The boy’s voice was, precisely, apologising for the fact that that lady had walked through the grass. At the same time Mrs. de Bray Pape was saying things to the discredit of Marie Antoinette whom apparently she disliked. He could not imagine why anyone should dislike Marie Antoinette. Yet very likely she was dislikable. The French who were sensible people had cut her head off, so they presumably disliked her….

He had been dining at Marie Léonie’s, she standing, her hands folded before her, hanging down, watching him eat his mutton chops and boiled potatoes when the porter from his Club had phoned through that there was a wire for him. Marie Léonie had answered the telephone. He had told her to tell the porter to open the telegram and read it to her. That was a not unusual proceeding. Telegrams that came to him at the Club usually announced the results of races that he had not attended. He hated to get up from the dinner-table. She had come back slowly and said still more slowly that she had bad news for him; there had been an accident; his father had been found shot dead.

He had sat still for quite a time; Marie Léonie also had said nothing. He remembered that he had finished his chops, but had not eaten his apple-pie. He had finished his claret.

By that time he had come to the conclusion that his father had probably committed suicide and that he — he, Mark Tietjens — was probably responsible for his father’s having done that. He had got up, then, told Marie Léonie to get herself some mourning and had taken the night train to Groby. There had been no doubt about it when he got there. His father had committed suicide. His father was not the man, unadvisedly, to crawl through a quicken-hedge with his gun at full-cock behind him, after rabbits…. It had been proposed.

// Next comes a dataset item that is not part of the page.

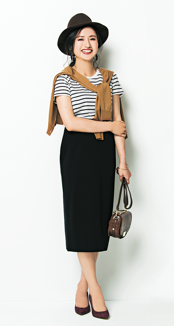 白×黒半袖ボーダーカットソー¥9,000(ダブルスタンダードクロージング/フィルム)カーディガン¥33,000(ジョン スメドレー/リーミルズ エージェンシー)帽子¥48,000〈ムールバウアー〉イヤリング¥7,000〈アレクサンドリン〉(ともにスピック&スパン ルミネ有楽町店)スカート¥1,990(UNIQLO)バッグ¥16,000(グーコミューン/グランカスケードインク)パンプス¥17,000(カリーノ/モード・エ・ジャコモ)ブレスレット¥3,900 (JUICY ROCK)

There was, then, something soft about the Tietjens’ stock — for there had been no real and sufficient cause for the suicide. Obviously his father had had griefs. He had never got over the death of his second wife: that was soft for a Yorkshireman. He had lost two sons and an only daughter in the war: other men had done that and got over it. He had heard through him, Mark, that his youngest son — Christopher — was a bad hat. But plenty of men had sons who were bad hats…. Something soft then about the stock! Christopher certainly was soft. But that came from the mother. Mark’s step-mother had been from the south of Yorkshire. Soft people down there; a soft woman. Christopher had been her ewe lamb and she had died of grief when Sylvia had run away from him!…

The boy with a voice had got himself into view towards the bottom of the bed, near Mrs. de Bray Pape…. A tallish slip of a boy, with slightly chawbacony cheeks, high-coloured, lightish hair, brown eyes. Upstanding, but softish. Mark seemed to know him, but could not place him. He asked to be forgiven for the intrusion, saying that he knew it was not the thing.

Mrs. de Bray Pape was talking improbably about Marie Antoinette, whom she very decidedly disliked. She said that Marie Antoinette had behaved with great ingratitude to Madame de Maintenon — which must have been difficult. Apparently, according to Mrs. de Bray Pape, when Marie Antoinette had been a neglected little girl about the Court of France Madame de Maintenon had befriended her, lending her frocks, jewels, and perfumes. Later Marie Antoinette had persecuted her benefactor. From that had arisen all the woes of France and the Old World in general.